Nouvelles Clés : Tradition indienne d'origine lointaine, voie spirituelle toujours d'actualité, système de pratiques énergétiques et sexuelles : dès que l'on parle de tantrisme, en Occident, la confusion règne... À la lumière de votre expérience,
qu'est-ce que le tantrisme ?
Daniel Odier : Le tantra est, pour moi, une voie millénaire et absolue en laquelle chacun est " reconnu " comme ayant en son propre coeur les attributs de la divinité (" Reconnaissance spontanée " : c'est le sens du mot Pratyabhijnâ, l'école dont j'ai reçu la transmission de mon maître cachemirien, la yogini Devî). Le Soi est Shiva, la conscience porte en elle l'essence du divin. La voie consiste à reconnaître cette essence en soi, par l'enseignement ou de manière spontanée.
N. C. : Rien à voir, donc, avec les pratiques ou thérapies sexuelles qui ne cessent de se multiplier sous le nom de " Tantra " ?
D. O. : Pour moi, il n'y a pas de tantra sans transmission et sans lignée qui remonte à la source, et toute la confusion vient de là. Les lignées du " néo-tantra " ne remontent pas en deçà de leurs initiateurs, elles ont une trentaine d'années. Depuis toujours, le mot " tantra " a fasciné, et les écoles les plus étranges s'en sont réclamées. Il y a eu des sectes qui promulguaient le meurtre rituel, comme les fameux Thugs, dont l'origine remonte au Moyen-Âge et qui se transformèrent en guerilleros contre les colons anglais, mais aussi d'autres sectes pour lesquelles le cannibalisme ou la violence contre les brahmanes faisaient acquérir des mérites spirituels... La force du tantra, c'est qu'il balaye toutes les déviances apparues depuis un ou deux millénaires. Les déviances contemporaines sont très « soft » et mineures, en importance si ce n'est en nombre, et si naïves qu'elles se sont toutes accrochées à la sexualité, qui est vraiment le miroir aux alouettes contemporain. Mais on peut comprendre ce désir de transformer une voie millénaire d'une profondeur et d'une subtilité incomparables en " prêt à jouir " spirituel : c'est notre tendance générale actuelle. Elle vient simplement de l'ignorance et de l'absence de filiation. Ceux qui prétendent l'enseigner n'ont même pas eu accès à la partie « sexuelle » des enseignements auxquels ils se croient rattachés, et qui dans la tradition n'est enseignée que de manière exceptionnelle. Elle n'est d'ailleurs absolument pas indispensable, et on peut parcourir toute la voie traditionnelle sans qu'elle ait lieu.Il y a donc un leurre total. Les thérapies sexuelles telles qu'elles sont apparues dans les années soixante ont leur valeur propre, leurs connaissances profondes des mécanismes sexuels et de leurs techniques. Elles n'ont pas besoin du passeport mystique. Pourquoi leur accoler le mot " tantra " ?
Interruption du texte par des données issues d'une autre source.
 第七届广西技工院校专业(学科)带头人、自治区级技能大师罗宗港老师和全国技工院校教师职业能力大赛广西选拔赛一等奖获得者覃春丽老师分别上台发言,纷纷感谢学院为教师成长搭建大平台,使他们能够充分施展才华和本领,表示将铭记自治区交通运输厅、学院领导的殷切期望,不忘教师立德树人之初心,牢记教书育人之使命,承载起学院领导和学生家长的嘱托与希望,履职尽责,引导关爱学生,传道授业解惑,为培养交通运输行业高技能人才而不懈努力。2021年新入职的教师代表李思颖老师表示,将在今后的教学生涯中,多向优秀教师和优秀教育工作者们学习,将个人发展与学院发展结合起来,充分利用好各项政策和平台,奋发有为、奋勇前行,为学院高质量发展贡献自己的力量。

" Ressens la conscience de chaque être comme ta propre conscience. " Vijnabhairava tantra
N. C. : D'où vient, pourtant, que le tantrisme véhicule une image à ce point associée
à la sexualité ?
D. O. : La sexualité du tantrika, c'est le rapport de toute la sensorialité avec le monde. C'est le frémissement (spanda) qui naît lorsque le désir se satisfait de sa propre incandescence en ayant abandonné toute idée d'atteindre un être ou un objet. Il y a alors complétude. Un être qui a besoin de l'autre pour masquer son incomplétude, ou pour la nourrir, ne connaît que des " rapports sexuels ", une tentative illusoire d'achèvement qui tient du cannibalisme mutuel et porte en lui de la violence, du désespoir et une certaine forme de désillusion, de beauté tragique, qui est d'ailleurs l'une des matières premières de l'art. Pour celui qui est sur la voie tantrique, l'union sexuelle peut être une manière de jeu merveilleux qui commence à être vécu, par instants de grâce, comme une expérience directe, sans que la pensée différenciatrice s'impose. C'est un jeu passionné sur un terrain accidenté où l'aspirant touche aux limites de son abandon, au surgissement de la pensée, au blocage de la spontanéité, au manque de confiance qu'il peut avoir quant à la sagesse de son propre corps. Lorsque cela peut être vécu de cette manière, c'est une ascèse, car on s'aperçoit très vite de nos limitations, de nos projections, de notre solitude que nous cherchons à masquer au lieu de la vivre. Aller au fond de sa solitude, c'est voir qu'elle est une construction mentale et la faire éclore dans l'expérience non-duelle. Ces jeux nous aident à frôler l'essence des choses et, lorsque la paix profonde de la yogini accomplie touche la paix profonde du yogin, se révèle la puissance de la Shakti qu'on appelle Kundalini. À cet instant, il n'y a pas de dualité, pas de début, pas de fin, pas de « rapport », mais un frémissement qui, comme l'amour, ne saurait naître, atteindre son acmé puis disparaître. Lorsqu'il y a sexualité, il n'y a plus d'espace-temps. Il ne s'agit pas de transcender le désir mais, au contraire, de le porter à une telle incandescence qu'il inclut " l'autre " dans son propre frémissement.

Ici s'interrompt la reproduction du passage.